Если Ницше нападает на христианство, то это в первую очередь относится к христианской морали. Он никогда не затрагивает личности Христа, с одной стороны, и цинизма церкви — с другой. Известно, что Ницше с чувством знатока восхищался иезуитами. „В сущности, — писал он, — только моральный Бог отвергнут“. [10] Для Ницше, как и для Толстого, Христос — не бунтарь. [11] Суть его учения сводится к тотальному согласию, к непротивлению злу. Не следует убивать даже ради того, чтобы помешать убийству. Нужно принять мир таким, каков он есть, отказаться умножать его несчастья, но согласиться лично страдать от существующего в мире зла. Царство небесное нам непосредственно доступно.

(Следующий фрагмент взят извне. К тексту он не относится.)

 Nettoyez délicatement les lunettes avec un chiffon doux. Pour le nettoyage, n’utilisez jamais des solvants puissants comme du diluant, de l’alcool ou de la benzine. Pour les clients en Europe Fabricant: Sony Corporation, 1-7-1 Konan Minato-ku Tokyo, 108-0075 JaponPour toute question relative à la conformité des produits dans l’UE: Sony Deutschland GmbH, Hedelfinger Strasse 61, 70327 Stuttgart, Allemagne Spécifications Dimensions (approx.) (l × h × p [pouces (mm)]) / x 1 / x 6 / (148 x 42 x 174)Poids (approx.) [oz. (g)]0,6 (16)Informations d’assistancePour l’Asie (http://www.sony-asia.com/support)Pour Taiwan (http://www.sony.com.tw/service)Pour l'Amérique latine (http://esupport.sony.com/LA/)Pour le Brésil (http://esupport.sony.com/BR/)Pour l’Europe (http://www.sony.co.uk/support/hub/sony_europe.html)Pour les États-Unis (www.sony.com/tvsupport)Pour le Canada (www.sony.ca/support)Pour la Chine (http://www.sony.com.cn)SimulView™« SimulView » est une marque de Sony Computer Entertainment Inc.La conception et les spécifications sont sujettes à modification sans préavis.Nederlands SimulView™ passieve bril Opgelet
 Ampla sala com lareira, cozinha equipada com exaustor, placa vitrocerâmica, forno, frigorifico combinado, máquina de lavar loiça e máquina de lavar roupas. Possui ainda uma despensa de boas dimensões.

Оно есть не что иное, как внутренняя расположенность, которая позволяет нам привести наши поступки в соответствие с этими принципами и благодаря которой мы можем испытать непосредственное блаженство. По Ницше, не вера, а дела — завет Христа. В таком случае история христианства представляет собой лишь долгий путь измены этому Евангелию. [12] Уже Новый Завет несет на себе печать искажения, и от Павла до Вселенских соборов церковная служба заставляет забыть о делах.
В чем же заключается глубокое искажение, которое вносит христианство в Евангелие своего Господа? В идее суда, чуждой учению Христа, и соотносительных с ней понятиях кары и вознаграждения. Отныне природа становится историей, причем историей знаменательной: рождается идея человеческой тотальности. От Благовещения до Страшного суда у всего человечества нет иной задачи, как сообразоваться с явно моральными целями заранее написанного повествования. Единственное различие заключается в том, что персонажи в эпилоге подразделяются на добрых и злых. Суждение Христа состоит лишь в том, что природный грех не имеет значения; историческое же христианство сделает всю природу источником греха. „Что отрицает Христос? Все то, что носит ныне имя христианина“. Христианство полагает, что борется с нигилизмом, давая миру руководящее начало. В действительности же оно само нигилистично постольку, поскольку, навязывая жизни воображаемый смысл, мешает открыть ее подлинный смысл: „Всякая Церковь есть камень, наваленный на гроб человекобога; она стремится силой помешать его воскресению“. Вывод Ницше парадоксален, но знаменателен: Бог умер по вине христианства, из-за того что оно секуляризовало священное. Речь здесь идет об историческом христианстве и „его достойном презрения глубинном двоедушии“.
То же самое обвинение Ницше предъявляет социализму и всем формам гуманитаризма. Социализм — это не более чем выродившееся христианство. В самом деле, он поддерживает ту же веру в целесообразность истории, веру, которая предает природу и жизнь, заменяя реальные цели идеальными, и усугубляет расслабленность человеческой воли и воображения. Социализм нигилистичен в том отныне точном смысле, который Ницше вкладывает в это слово. [13] Нигилизм — это не безверие вообще, а неверие в то, что есть. В этом смысле все виды социализма суть проявления христианского декаданса в еще более выродившейся форме. Для христианства вознаграждение и кара предполагали историю. Но в силу неумолимой логики вся история в конечном счете означает кару и вознаграждение: с этого дня родился коллективистский мессианизм. Поэтому равенство душ перед Богом после его смерти ведет просто-напросто к равенству. Ницше опять-таки борется против социалистических доктрин как доктрин моральных. Нигилизм, проявляющийся в религии или в проповеди социализма, есть логическое завершение развития наших так называемых высших ценностей. Вольный ум ниспровергает эти ценности, разоблачая иллюзии, на которых эти ценности покоятся, сделку, которую они предполагают, и преступление, которое они совершают, мешая ясному уму выполнить свою миссию — превратить пассивный нигилизм в нигилизм активный.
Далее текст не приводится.